* **ABOUT THIS EXERCISE**
Only the number is wanted: how many lines of the listing below contain "with"?

* **RECORD EXTRACTS**
============================================================

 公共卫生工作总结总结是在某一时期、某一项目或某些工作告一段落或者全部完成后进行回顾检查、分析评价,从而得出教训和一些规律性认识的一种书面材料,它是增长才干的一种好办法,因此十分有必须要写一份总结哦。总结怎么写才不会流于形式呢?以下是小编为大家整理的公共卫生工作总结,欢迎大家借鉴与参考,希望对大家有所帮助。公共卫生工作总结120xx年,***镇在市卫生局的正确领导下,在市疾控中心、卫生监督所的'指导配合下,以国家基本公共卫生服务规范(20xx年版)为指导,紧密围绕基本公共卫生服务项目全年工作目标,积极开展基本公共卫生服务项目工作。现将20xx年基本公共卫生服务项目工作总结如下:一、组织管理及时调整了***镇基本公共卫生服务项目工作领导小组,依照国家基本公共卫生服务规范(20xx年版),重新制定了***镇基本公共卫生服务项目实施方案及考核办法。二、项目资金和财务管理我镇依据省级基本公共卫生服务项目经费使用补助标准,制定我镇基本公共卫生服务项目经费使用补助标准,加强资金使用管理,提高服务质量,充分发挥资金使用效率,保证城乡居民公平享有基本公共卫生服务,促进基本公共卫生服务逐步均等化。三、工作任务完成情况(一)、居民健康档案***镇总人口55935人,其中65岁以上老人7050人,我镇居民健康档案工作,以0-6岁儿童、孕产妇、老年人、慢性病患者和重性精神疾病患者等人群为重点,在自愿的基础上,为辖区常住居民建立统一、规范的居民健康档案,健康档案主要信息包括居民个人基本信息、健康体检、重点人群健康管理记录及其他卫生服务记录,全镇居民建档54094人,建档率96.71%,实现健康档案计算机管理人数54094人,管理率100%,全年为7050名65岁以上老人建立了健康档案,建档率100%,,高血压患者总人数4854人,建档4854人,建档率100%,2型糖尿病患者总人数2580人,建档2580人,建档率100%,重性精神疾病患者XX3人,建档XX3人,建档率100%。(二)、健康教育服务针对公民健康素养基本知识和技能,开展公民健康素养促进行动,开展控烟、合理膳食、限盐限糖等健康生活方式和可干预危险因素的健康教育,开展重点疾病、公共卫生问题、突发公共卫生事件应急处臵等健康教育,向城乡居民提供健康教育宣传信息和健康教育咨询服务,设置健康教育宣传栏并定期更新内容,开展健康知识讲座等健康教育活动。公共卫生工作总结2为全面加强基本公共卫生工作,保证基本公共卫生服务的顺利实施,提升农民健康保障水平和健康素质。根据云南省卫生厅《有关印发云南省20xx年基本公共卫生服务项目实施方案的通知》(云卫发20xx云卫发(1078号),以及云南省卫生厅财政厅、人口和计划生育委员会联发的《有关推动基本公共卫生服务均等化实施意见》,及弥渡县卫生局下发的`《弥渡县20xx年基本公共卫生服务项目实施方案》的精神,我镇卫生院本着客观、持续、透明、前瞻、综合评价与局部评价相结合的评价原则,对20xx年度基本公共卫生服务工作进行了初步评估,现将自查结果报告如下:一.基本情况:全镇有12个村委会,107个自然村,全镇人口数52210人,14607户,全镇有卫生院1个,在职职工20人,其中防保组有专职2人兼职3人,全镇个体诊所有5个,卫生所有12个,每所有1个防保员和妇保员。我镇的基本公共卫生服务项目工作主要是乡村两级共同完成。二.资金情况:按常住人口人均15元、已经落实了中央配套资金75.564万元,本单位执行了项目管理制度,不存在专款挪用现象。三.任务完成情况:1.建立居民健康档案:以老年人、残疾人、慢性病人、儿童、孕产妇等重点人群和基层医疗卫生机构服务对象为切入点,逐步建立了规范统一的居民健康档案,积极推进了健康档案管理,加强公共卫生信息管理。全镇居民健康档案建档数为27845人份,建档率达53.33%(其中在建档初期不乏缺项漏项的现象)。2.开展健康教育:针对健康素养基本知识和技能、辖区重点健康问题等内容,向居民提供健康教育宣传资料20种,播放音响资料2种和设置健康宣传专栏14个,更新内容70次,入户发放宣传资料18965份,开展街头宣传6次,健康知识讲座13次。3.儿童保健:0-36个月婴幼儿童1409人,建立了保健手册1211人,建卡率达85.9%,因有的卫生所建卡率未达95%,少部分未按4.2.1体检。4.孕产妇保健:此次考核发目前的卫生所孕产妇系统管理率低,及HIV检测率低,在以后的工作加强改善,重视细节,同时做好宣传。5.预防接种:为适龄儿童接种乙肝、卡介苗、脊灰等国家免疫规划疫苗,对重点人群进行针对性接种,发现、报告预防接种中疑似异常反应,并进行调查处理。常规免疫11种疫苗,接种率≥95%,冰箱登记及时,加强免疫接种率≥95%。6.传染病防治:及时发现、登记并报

============================================================

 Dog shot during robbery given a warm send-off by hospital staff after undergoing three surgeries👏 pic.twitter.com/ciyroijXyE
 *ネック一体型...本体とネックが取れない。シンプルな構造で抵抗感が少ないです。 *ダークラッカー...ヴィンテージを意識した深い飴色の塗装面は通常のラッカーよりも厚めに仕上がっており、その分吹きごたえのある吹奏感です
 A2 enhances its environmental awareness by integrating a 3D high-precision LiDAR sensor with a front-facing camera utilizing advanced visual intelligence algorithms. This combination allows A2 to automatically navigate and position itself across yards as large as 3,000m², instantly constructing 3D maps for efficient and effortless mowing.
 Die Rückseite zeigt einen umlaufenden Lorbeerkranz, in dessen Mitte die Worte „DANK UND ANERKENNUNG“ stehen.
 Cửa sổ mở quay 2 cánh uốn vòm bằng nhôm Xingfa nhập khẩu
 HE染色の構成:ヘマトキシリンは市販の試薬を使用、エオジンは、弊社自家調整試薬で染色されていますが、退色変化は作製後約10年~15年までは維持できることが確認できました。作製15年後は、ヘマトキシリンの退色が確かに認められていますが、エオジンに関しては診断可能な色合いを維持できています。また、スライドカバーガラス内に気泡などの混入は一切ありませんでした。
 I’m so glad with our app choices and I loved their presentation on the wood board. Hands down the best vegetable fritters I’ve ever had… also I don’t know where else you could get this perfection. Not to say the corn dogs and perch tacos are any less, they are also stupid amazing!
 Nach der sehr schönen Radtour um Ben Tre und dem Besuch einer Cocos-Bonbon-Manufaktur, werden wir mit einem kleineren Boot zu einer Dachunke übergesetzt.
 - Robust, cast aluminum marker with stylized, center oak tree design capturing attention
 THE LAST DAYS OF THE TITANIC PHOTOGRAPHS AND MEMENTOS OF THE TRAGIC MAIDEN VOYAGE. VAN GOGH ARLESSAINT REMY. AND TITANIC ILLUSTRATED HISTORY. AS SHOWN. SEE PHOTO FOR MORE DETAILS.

============================================================

* **RESPONSE AREA**
3